━━━ MATERIAL SHOWN ━━━

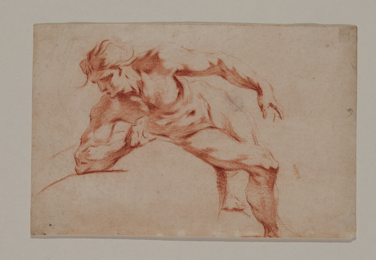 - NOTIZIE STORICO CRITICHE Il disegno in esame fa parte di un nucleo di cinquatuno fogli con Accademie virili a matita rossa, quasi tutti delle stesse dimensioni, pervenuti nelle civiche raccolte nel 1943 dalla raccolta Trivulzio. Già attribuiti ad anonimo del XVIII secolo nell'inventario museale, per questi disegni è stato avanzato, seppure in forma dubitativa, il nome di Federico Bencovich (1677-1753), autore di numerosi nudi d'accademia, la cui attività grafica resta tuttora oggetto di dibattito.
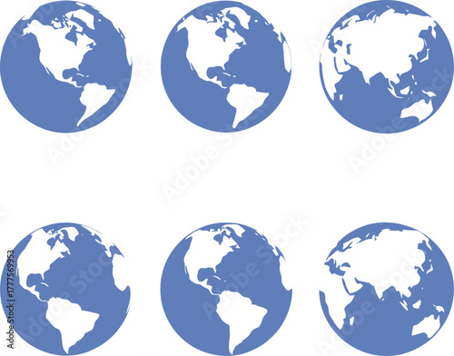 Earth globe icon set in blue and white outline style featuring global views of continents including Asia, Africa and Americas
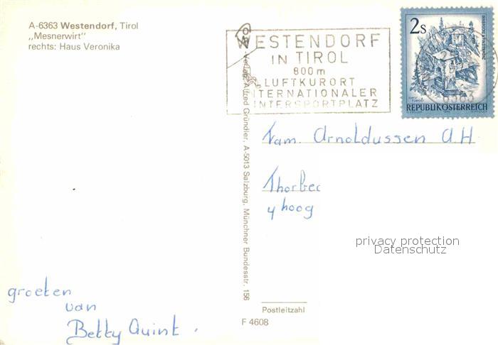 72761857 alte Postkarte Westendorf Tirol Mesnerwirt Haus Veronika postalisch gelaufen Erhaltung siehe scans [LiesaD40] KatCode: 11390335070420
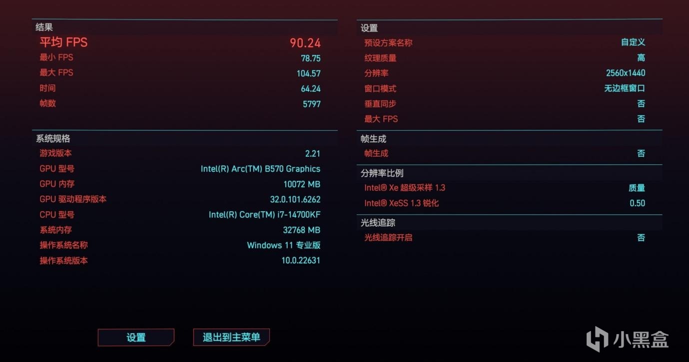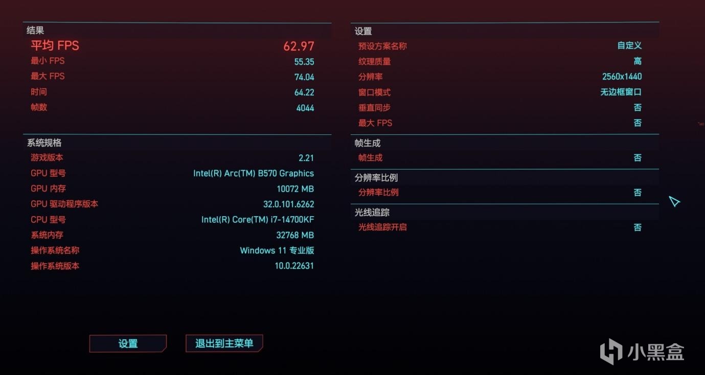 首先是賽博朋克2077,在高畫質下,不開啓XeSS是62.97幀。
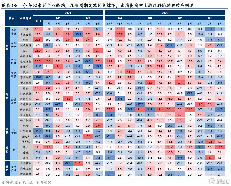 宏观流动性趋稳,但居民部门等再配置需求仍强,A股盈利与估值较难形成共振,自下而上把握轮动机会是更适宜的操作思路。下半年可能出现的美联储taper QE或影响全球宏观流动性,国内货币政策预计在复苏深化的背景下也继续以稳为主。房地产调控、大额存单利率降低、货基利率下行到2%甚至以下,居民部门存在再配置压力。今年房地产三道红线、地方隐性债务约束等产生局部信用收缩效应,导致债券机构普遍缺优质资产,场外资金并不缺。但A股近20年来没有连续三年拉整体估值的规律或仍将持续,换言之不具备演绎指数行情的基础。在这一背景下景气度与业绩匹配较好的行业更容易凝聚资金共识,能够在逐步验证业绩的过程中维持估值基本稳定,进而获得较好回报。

━━━

● WHAT YOU ARE ASKED TO DO
Give again exactly the lines from the one holding "Earth globe icon" to the final line of the records, both ends included; any pictures stay out.

● WRITTEN REPLY
 Earth globe icon set in blue and white outline style featuring global views of continents including Asia, Africa and Americas
 72761857 alte Postkarte Westendorf Tirol Mesnerwirt Haus Veronika postalisch gelaufen Erhaltung siehe scans [LiesaD40] KatCode: 11390335070420
 首先是賽博朋克2077,在高畫質下,不開啓XeSS是62.97幀。
 宏观流动性趋稳,但居民部门等再配置需求仍强,A股盈利与估值较难形成共振,自下而上把握轮动机会是更适宜的操作思路。下半年可能出现的美联储taper QE或影响全球宏观流动性,国内货币政策预计在复苏深化的背景下也继续以稳为主。房地产调控、大额存单利率降低、货基利率下行到2%甚至以下,居民部门存在再配置压力。今年房地产三道红线、地方隐性债务约束等产生局部信用收缩效应,导致债券机构普遍缺优质资产,场外资金并不缺。但A股近20年来没有连续三年拉整体估值的规律或仍将持续,换言之不具备演绎指数行情的基础。在这一背景下景气度与业绩匹配较好的行业更容易凝聚资金共识,能够在逐步验证业绩的过程中维持估值基本稳定,进而获得较好回报。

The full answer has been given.